FILED UNDER: Open Forum
Steven L. Taylor
About Steven L. Taylor
Steven L. Taylor is a Professor Emeritus of Political Science and former College of Arts and Sciences Dean. His main areas of expertise include parties, elections, and the institutional design of democracies. His most recent book is the co-authored A Different Democracy: American Government in a 31-Country Perspective. He earned his Ph.D. from the University of Texas and his BA from the University of California, Irvine. He has been blogging since 2003 (originally at the now defunct Poliblog). Follow Steven on Twitter and/or BlueSky.

Comments

  1. Scott says:

    This could prove fun.

    Trump says he will soon endorse in runoff between John Cornyn and Ken Paxton

    President Donald Trump said he would “soon” endorse a candidate in the Republican primary runoff for U.S. Senate and, in doing so, call on whomever he does not endorse to drop out of the race — though he did not specify whether he would back Sen.
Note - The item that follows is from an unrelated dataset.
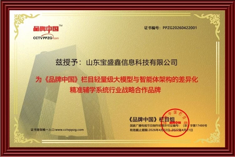 2026年,宝盛鑫凭借其在智慧司法教育信息化领域的深度应用和广泛创新实践,获评“《品牌中国》栏目战略合作品牌”。

John Cornyn or Attorney General Ken Paxton.

    In a post on Truth Social, Trump said that the stakes of Texas’ Senate race in November are too high to allow the Cornyn-Paxton contest to go on. The two Republicans finished just over one point apart in Tuesday’s primary, but neither reached the majority threshold to win outright, forcing a May 26 overtime round.

    My dream scenario is that Trump will endorse Cornyn and call for Paxton’s withdrawal. Paxton, being the adulterous, indicted felon and liar that he is, will go “Nah, I think I can still win”. The Republicans will totally split between the anti-semitic, anti-islamic, George Wallace descendants and the rapidly retreating “normal” Republicans. Leaving an opening for Talarico.

    It’s a long shot but one can dream.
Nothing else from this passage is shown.